**Exercise brief**: Nothing but the lines from the one containing "Di depan pintu" through the end of the data should be retyped, exactly as they stand, and pictures should not be retyped.

**Data extract**:

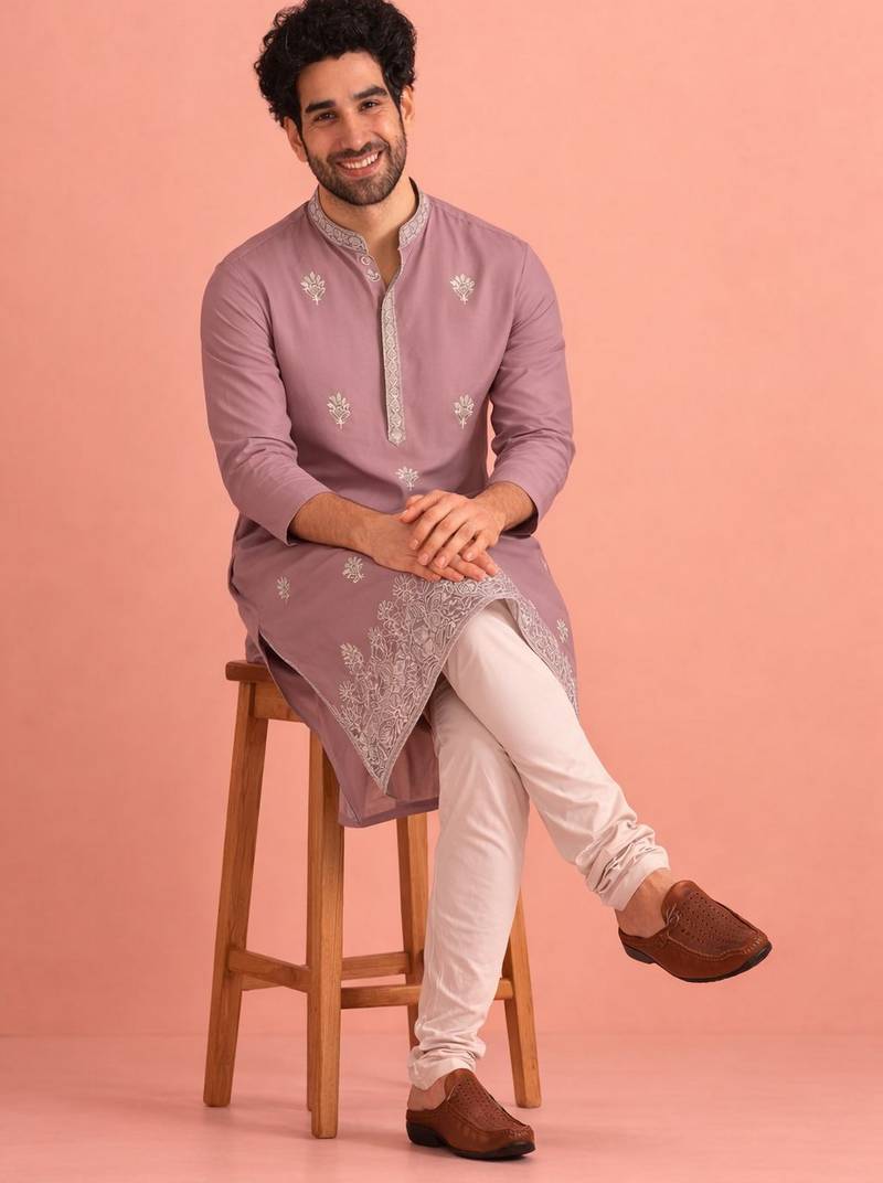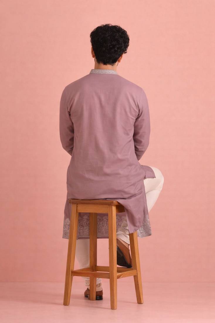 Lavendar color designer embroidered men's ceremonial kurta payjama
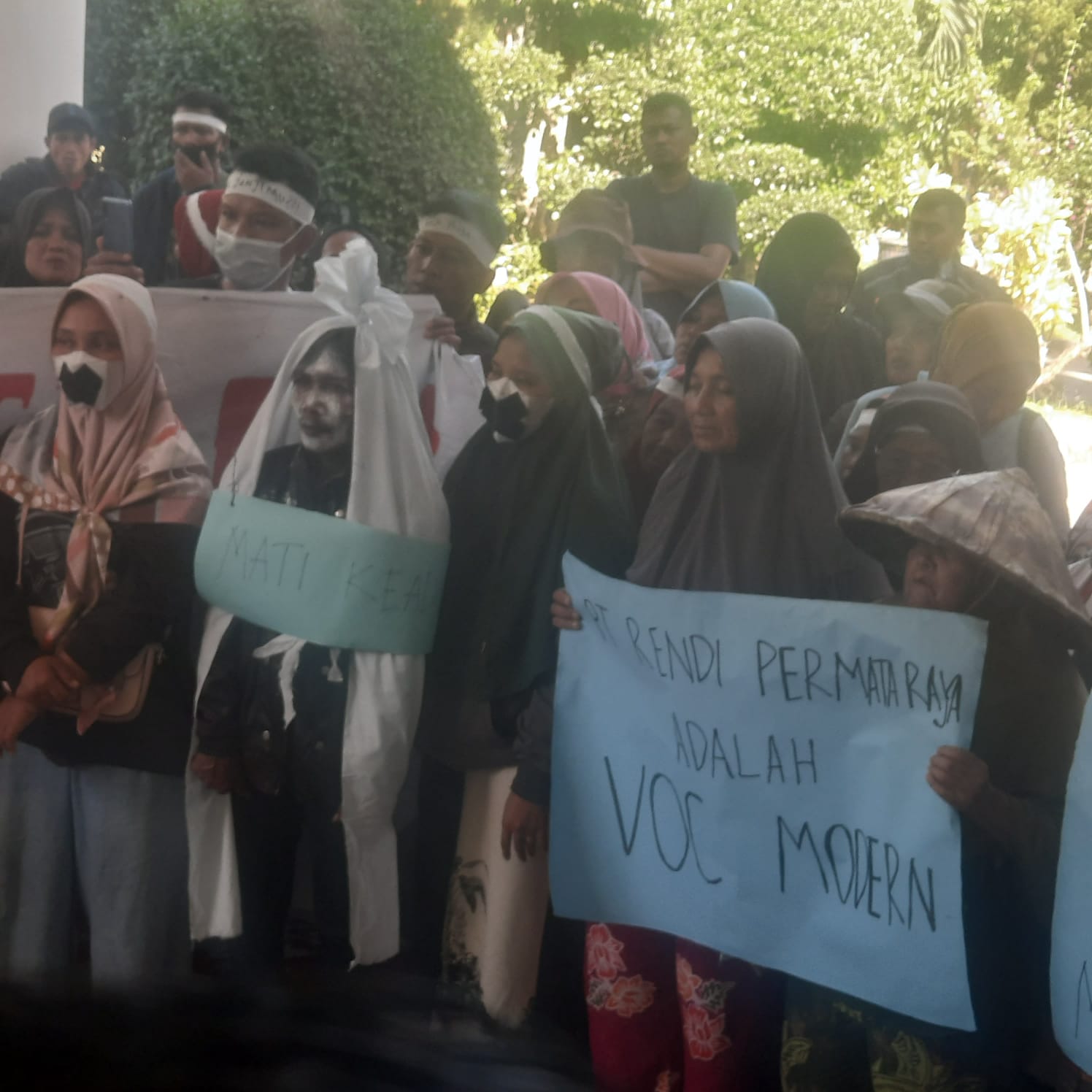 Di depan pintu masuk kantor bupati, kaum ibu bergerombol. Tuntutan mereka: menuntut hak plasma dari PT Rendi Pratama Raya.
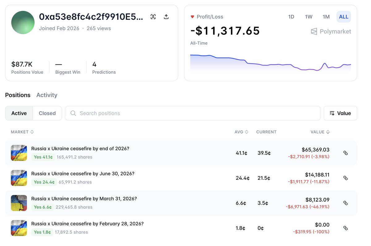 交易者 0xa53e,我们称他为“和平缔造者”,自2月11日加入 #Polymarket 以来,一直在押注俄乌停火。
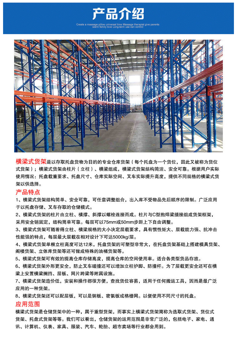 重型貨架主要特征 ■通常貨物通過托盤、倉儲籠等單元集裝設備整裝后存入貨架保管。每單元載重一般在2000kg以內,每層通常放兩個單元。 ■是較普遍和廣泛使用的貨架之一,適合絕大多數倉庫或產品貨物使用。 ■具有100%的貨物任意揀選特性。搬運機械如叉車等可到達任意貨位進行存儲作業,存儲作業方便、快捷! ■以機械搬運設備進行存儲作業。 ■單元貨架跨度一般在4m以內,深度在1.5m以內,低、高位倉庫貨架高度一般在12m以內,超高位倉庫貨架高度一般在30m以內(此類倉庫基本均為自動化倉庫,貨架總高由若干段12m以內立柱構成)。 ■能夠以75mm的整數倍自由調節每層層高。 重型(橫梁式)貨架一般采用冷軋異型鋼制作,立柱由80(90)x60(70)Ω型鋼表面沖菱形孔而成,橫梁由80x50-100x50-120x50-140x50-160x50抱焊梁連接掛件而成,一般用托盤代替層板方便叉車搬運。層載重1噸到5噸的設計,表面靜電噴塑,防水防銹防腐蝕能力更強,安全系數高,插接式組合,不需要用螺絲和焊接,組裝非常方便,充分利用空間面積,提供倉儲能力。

**Solution to the exercise**:
 Di depan pintu masuk kantor bupati, kaum ibu bergerombol. Tuntutan mereka: menuntut hak plasma dari PT Rendi Pratama Raya.
 交易者 0xa53e,我们称他为“和平缔造者”,自2月11日加入 #Polymarket 以来,一直在押注俄乌停火。
 重型貨架主要特征 ■通常貨物通過托盤、倉儲籠等單元集裝設備整裝后存入貨架保管。每單元載重一般在2000kg以內,每層通常放兩個單元。 ■是較普遍和廣泛使用的貨架之一,適合絕大多數倉庫或產品貨物使用。 ■具有100%的貨物任意揀選特性。搬運機械如叉車等可到達任意貨位進行存儲作業,存儲作業方便、快捷! ■以機械搬運設備進行存儲作業。 ■單元貨架跨度一般在4m以內,深度在1.5m以內,低、高位倉庫貨架高度一般在12m以內,超高位倉庫貨架高度一般在30m以內(此類倉庫基本均為自動化倉庫,貨架總高由若干段12m以內立柱構成)。 ■能夠以75mm的整數倍自由調節每層層高。 重型(橫梁式)貨架一般采用冷軋異型鋼制作,立柱由80(90)x60(70)Ω型鋼表面沖菱形孔而成,橫梁由80x50-100x50-120x50-140x50-160x50抱焊梁連接掛件而成,一般用托盤代替層板方便叉車搬運。層載重1噸到5噸的設計,表面靜電噴塑,防水防銹防腐蝕能力更強,安全系數高,插接式組合,不需要用螺絲和焊接,組裝非常方便,充分利用空間面積,提供倉儲能力。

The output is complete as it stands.